**EXERCISE AIM**
Each entry should be set down exactly as written, except for any picture it holds.

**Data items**
────────────────────────────────────────

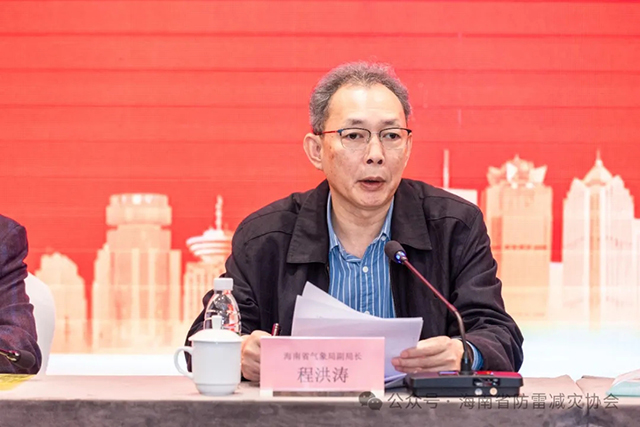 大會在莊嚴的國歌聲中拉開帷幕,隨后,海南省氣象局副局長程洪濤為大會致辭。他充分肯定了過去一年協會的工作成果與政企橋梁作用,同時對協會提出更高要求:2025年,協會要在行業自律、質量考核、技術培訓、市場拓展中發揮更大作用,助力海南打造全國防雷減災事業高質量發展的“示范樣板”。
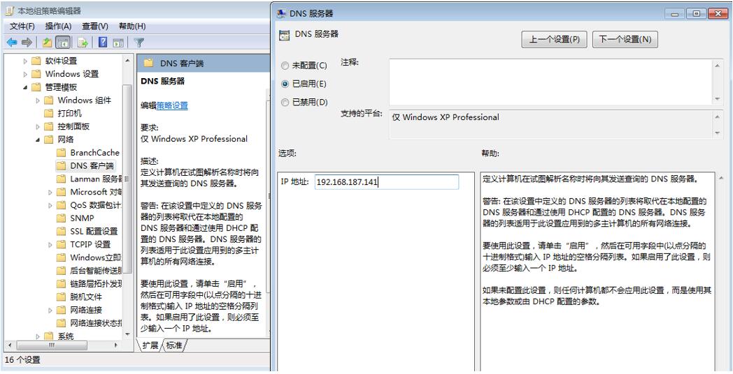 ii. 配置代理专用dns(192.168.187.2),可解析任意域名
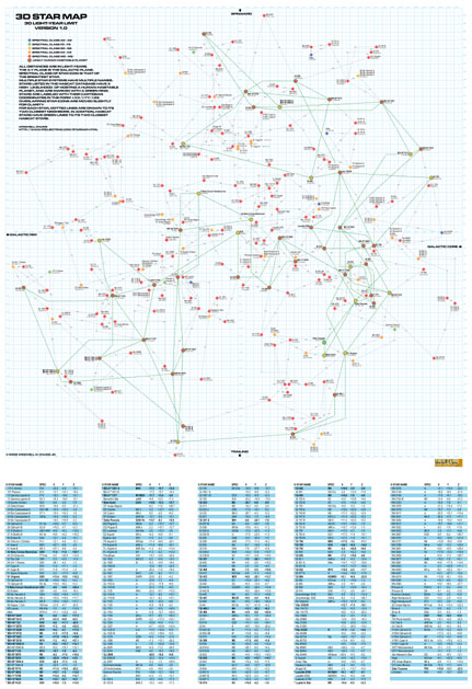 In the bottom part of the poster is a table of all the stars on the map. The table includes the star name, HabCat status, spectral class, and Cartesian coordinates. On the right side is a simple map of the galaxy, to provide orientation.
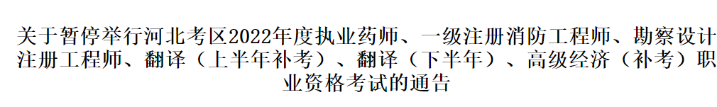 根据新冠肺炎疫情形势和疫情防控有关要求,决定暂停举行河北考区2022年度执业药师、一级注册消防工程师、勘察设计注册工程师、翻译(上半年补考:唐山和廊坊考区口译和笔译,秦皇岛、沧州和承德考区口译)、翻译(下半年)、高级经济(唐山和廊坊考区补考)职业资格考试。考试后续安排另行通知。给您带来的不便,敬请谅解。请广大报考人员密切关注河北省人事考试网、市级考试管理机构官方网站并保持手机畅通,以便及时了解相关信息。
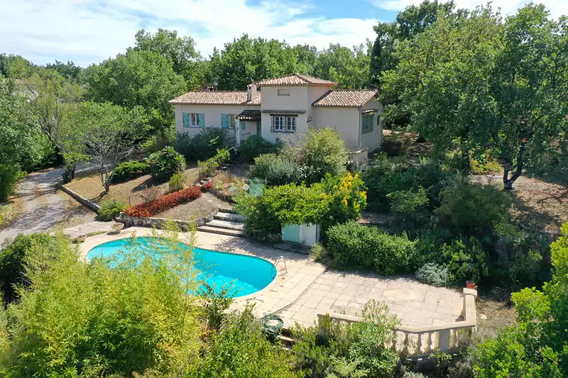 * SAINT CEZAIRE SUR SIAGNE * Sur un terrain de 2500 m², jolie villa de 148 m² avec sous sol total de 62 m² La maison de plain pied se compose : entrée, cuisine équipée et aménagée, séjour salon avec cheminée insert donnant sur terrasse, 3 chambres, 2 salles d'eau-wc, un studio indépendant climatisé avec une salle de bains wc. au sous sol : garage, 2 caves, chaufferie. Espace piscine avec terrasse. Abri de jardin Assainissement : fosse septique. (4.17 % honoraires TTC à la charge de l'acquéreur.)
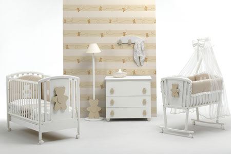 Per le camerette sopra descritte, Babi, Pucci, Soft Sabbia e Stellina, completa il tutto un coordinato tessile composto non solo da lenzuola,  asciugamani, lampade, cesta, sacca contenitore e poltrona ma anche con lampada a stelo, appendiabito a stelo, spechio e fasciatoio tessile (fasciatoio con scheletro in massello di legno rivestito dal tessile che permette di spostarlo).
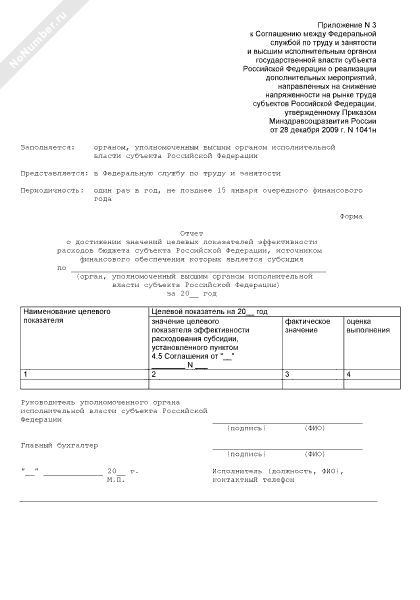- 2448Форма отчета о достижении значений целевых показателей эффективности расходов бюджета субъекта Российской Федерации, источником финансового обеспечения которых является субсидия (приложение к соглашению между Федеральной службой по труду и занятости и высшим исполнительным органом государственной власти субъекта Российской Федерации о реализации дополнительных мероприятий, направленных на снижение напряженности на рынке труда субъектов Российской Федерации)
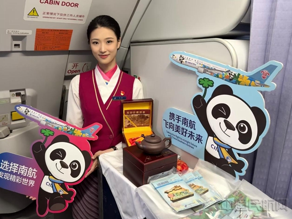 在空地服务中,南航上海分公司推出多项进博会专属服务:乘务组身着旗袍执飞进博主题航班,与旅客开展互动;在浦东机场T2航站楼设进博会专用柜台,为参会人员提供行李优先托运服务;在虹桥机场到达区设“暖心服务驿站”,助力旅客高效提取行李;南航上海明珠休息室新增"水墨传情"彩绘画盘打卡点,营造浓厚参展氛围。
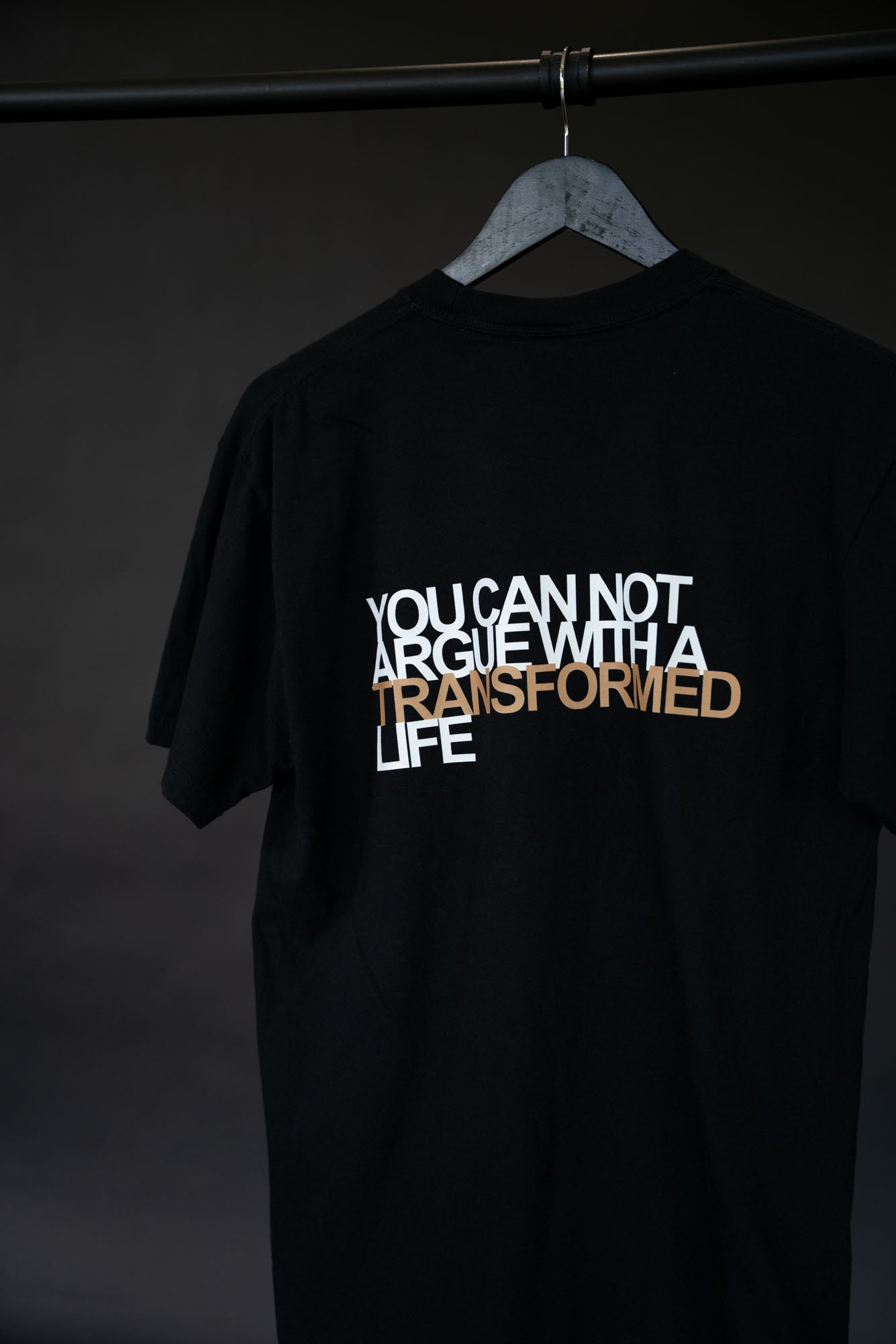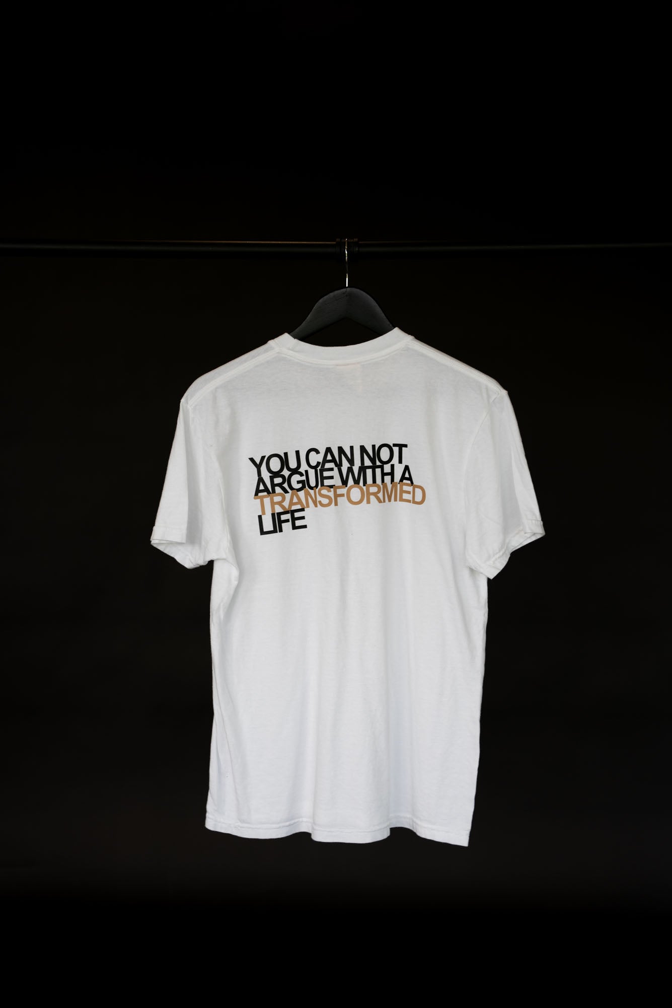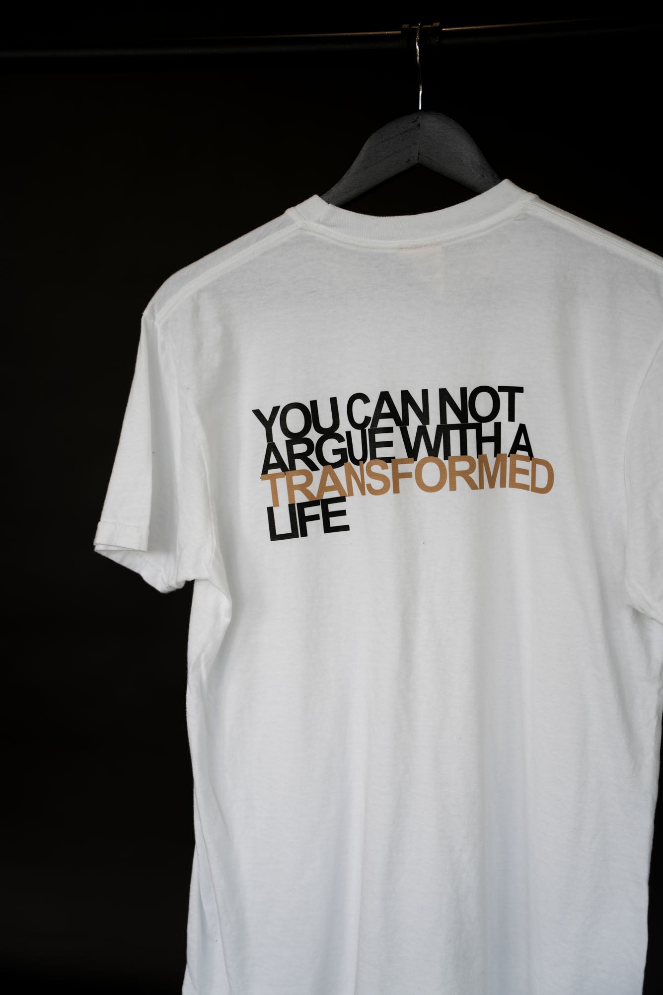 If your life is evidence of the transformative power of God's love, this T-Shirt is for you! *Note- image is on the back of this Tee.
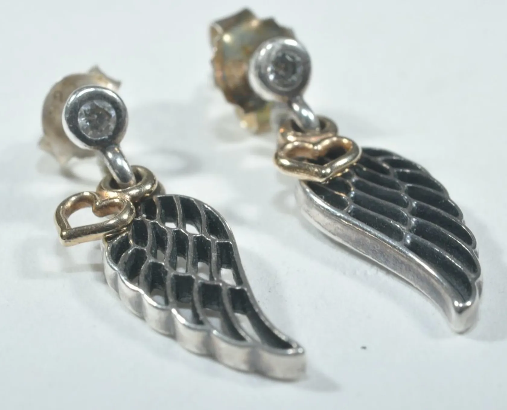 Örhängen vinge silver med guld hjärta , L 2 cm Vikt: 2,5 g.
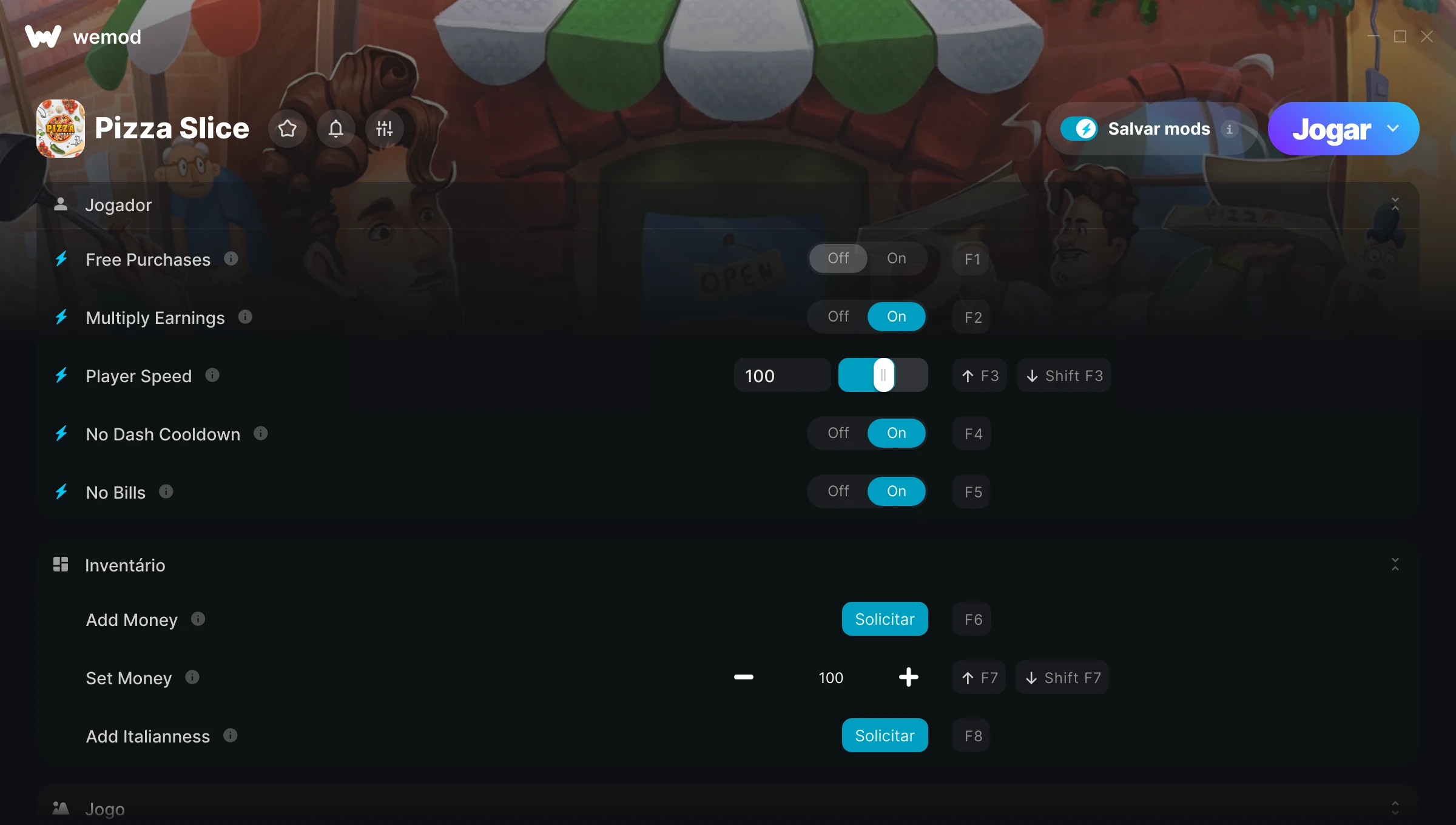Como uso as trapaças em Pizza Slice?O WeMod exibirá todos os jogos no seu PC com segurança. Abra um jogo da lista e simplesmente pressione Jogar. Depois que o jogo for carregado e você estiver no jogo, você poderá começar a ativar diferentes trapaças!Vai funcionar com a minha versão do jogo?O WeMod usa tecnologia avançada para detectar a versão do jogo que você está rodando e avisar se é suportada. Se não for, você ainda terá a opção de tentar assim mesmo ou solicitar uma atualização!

────────────────────────────────────────

**TASK OUTPUT**
 大會在莊嚴的國歌聲中拉開帷幕,隨后,海南省氣象局副局長程洪濤為大會致辭。他充分肯定了過去一年協會的工作成果與政企橋梁作用,同時對協會提出更高要求:2025年,協會要在行業自律、質量考核、技術培訓、市場拓展中發揮更大作用,助力海南打造全國防雷減災事業高質量發展的“示范樣板”。
 ii. 配置代理专用dns(192.168.187.2),可解析任意域名
 In the bottom part of the poster is a table of all the stars on the map. The table includes the star name, HabCat status, spectral class, and Cartesian coordinates. On the right side is a simple map of the galaxy, to provide orientation.
 根据新冠肺炎疫情形势和疫情防控有关要求,决定暂停举行河北考区2022年度执业药师、一级注册消防工程师、勘察设计注册工程师、翻译(上半年补考:唐山和廊坊考区口译和笔译,秦皇岛、沧州和承德考区口译)、翻译(下半年)、高级经济(唐山和廊坊考区补考)职业资格考试。考试后续安排另行通知。给您带来的不便,敬请谅解。请广大报考人员密切关注河北省人事考试网、市级考试管理机构官方网站并保持手机畅通,以便及时了解相关信息。
 * SAINT CEZAIRE SUR SIAGNE * Sur un terrain de 2500 m², jolie villa de 148 m² avec sous sol total de 62 m² La maison de plain pied se compose : entrée, cuisine équipée et aménagée, séjour salon avec cheminée insert donnant sur terrasse, 3 chambres, 2 salles d'eau-wc, un studio indépendant climatisé avec une salle de bains wc. au sous sol : garage, 2 caves, chaufferie. Espace piscine avec terrasse. Abri de jardin Assainissement : fosse septique. (4.17 % honoraires TTC à la charge de l'acquéreur.)
 Per le camerette sopra descritte, Babi, Pucci, Soft Sabbia e Stellina, completa il tutto un coordinato tessile composto non solo da lenzuola,  asciugamani, lampade, cesta, sacca contenitore e poltrona ma anche con lampada a stelo, appendiabito a stelo, spechio e fasciatoio tessile (fasciatoio con scheletro in massello di legno rivestito dal tessile che permette di spostarlo).
- 2448Форма отчета о достижении значений целевых показателей эффективности расходов бюджета субъекта Российской Федерации, источником финансового обеспечения которых является субсидия (приложение к соглашению между Федеральной службой по труду и занятости и высшим исполнительным органом государственной власти субъекта Российской Федерации о реализации дополнительных мероприятий, направленных на снижение напряженности на рынке труда субъектов Российской Федерации)
 在空地服务中,南航上海分公司推出多项进博会专属服务:乘务组身着旗袍执飞进博主题航班,与旅客开展互动;在浦东机场T2航站楼设进博会专用柜台,为参会人员提供行李优先托运服务;在虹桥机场到达区设“暖心服务驿站”,助力旅客高效提取行李;南航上海明珠休息室新增"水墨传情"彩绘画盘打卡点,营造浓厚参展氛围。
 If your life is evidence of the transformative power of God's love, this T-Shirt is for you! *Note- image is on the back of this Tee.
 Örhängen vinge silver med guld hjärta , L 2 cm Vikt: 2,5 g.
Como uso as trapaças em Pizza Slice?O WeMod exibirá todos os jogos no seu PC com segurança. Abra um jogo da lista e simplesmente pressione Jogar. Depois que o jogo for carregado e você estiver no jogo, você poderá começar a ativar diferentes trapaças!Vai funcionar com a minha versão do jogo?O WeMod usa tecnologia avançada para detectar a versão do jogo que você está rodando e avisar se é suportada. Se não for, você ainda terá a opção de tentar assim mesmo ou solicitar uma atualização!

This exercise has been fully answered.